Information given:
+ + +

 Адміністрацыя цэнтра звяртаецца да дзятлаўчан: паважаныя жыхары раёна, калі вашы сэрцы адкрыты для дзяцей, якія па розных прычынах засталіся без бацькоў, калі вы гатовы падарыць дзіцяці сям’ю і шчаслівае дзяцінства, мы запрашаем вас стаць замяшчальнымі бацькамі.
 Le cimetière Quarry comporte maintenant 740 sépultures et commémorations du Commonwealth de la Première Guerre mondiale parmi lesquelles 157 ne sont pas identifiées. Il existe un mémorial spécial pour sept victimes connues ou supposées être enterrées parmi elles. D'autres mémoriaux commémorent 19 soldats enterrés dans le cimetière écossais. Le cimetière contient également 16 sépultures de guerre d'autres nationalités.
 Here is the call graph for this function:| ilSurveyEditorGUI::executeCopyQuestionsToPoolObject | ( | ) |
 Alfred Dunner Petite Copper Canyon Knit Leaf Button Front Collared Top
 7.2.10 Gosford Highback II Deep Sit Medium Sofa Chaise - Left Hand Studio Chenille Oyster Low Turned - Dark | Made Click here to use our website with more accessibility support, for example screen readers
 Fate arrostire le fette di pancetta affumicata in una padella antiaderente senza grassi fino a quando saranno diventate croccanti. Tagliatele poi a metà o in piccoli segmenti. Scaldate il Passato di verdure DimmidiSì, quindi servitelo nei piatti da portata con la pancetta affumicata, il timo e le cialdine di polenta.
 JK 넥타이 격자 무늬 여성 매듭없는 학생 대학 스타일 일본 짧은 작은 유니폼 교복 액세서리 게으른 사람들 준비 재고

+ + +

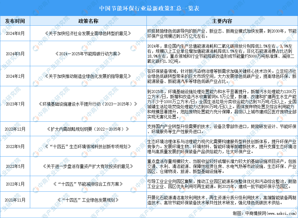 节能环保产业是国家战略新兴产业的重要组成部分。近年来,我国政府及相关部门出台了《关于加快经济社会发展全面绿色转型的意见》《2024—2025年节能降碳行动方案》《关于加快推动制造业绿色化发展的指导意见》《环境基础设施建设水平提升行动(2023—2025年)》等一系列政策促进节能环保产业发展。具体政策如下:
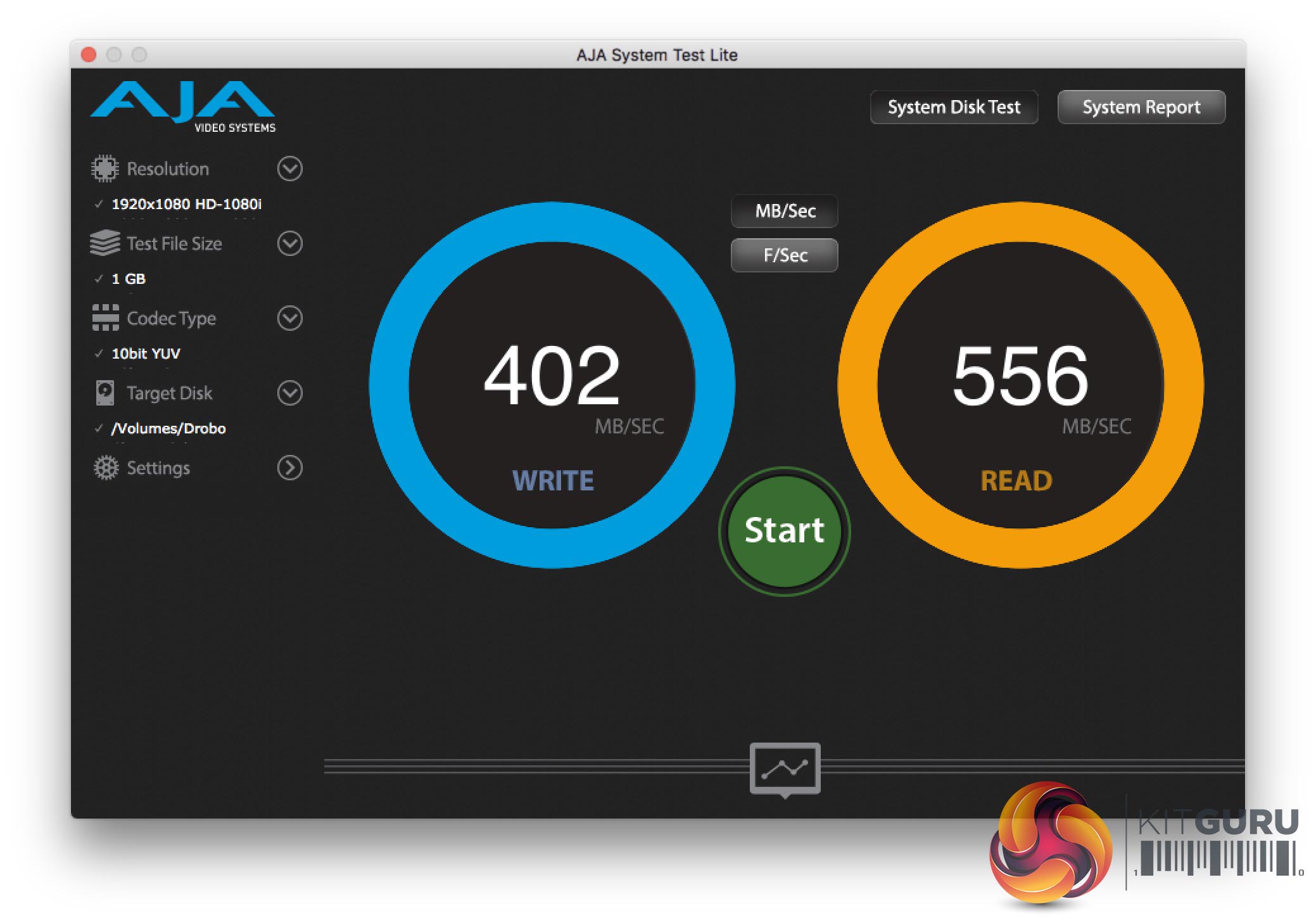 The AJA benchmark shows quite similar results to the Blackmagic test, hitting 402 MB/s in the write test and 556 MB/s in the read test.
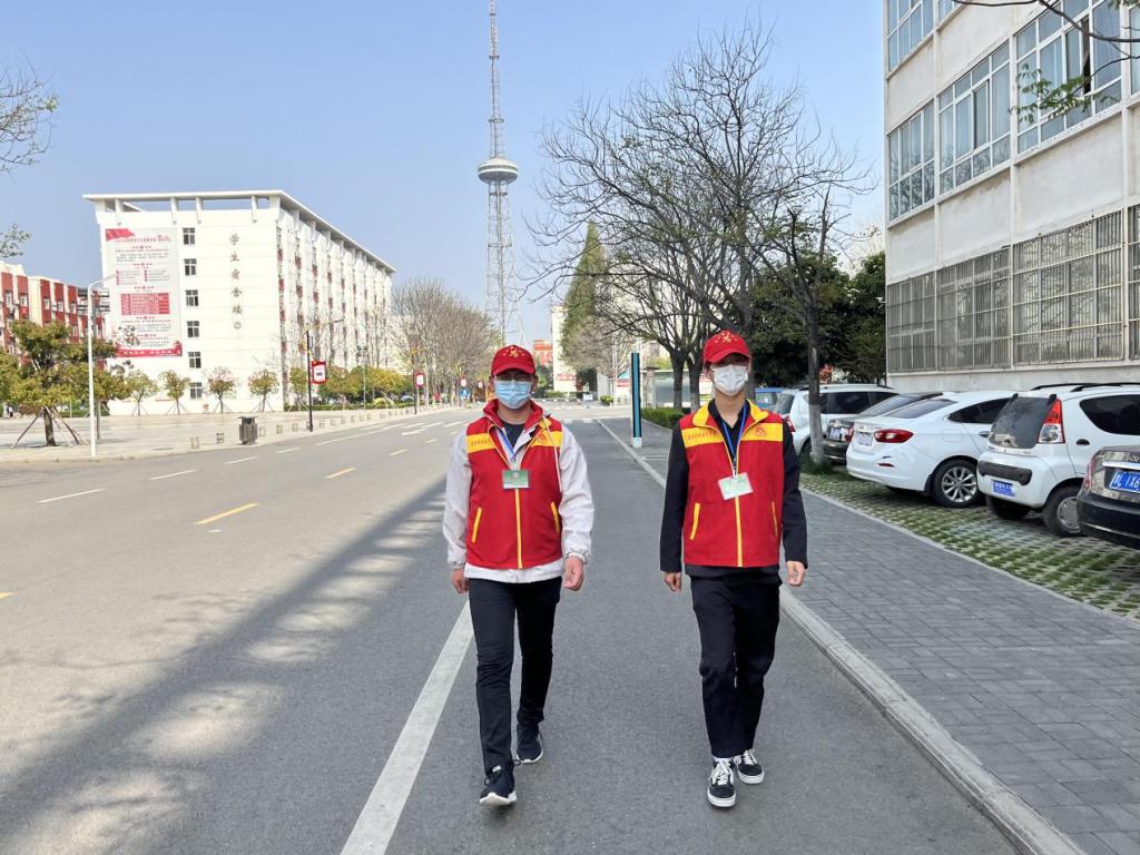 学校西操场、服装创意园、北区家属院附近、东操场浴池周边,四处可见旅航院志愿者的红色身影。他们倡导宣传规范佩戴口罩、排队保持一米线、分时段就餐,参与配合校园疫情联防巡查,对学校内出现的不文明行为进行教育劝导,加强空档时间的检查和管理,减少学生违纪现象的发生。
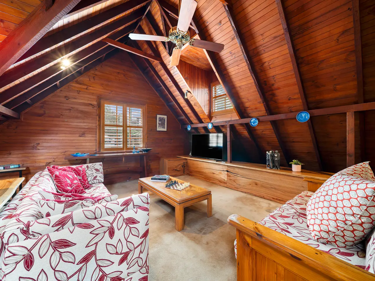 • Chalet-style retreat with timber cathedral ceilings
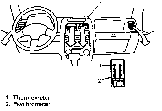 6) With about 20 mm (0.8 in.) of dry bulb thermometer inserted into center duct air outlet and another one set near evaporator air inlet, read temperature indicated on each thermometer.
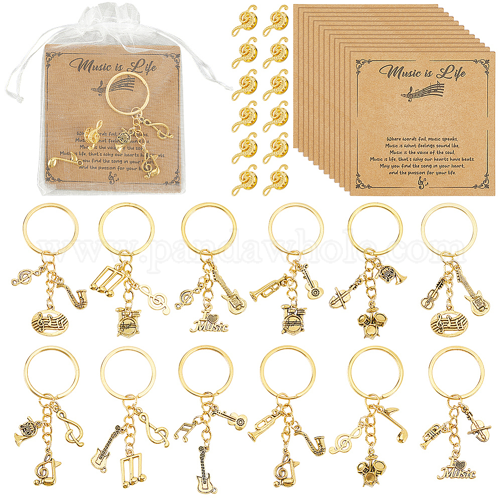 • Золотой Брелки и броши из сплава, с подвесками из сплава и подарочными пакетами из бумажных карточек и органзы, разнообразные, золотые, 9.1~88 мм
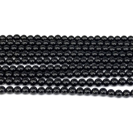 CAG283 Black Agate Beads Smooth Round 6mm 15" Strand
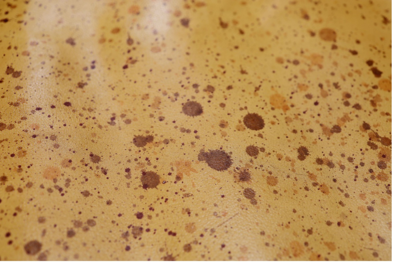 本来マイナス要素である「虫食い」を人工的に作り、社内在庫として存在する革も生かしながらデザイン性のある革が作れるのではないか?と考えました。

+ + +

Prompt:
Once the line with "золотые, 9.1~88 мм" is found above, transcribe each line from it through the line with "本来マイナス要素である「虫食", exactly, and omit the pictures.

Task response:
 • Золотой Брелки и броши из сплава, с подвесками из сплава и подарочными пакетами из бумажных карточек и органзы, разнообразные, золотые, 9.1~88 мм
 CAG283 Black Agate Beads Smooth Round 6mm 15" Strand
 本来マイナス要素である「虫食い」を人工的に作り、社内在庫として存在する革も生かしながらデザイン性のある革が作れるのではないか?と考えました。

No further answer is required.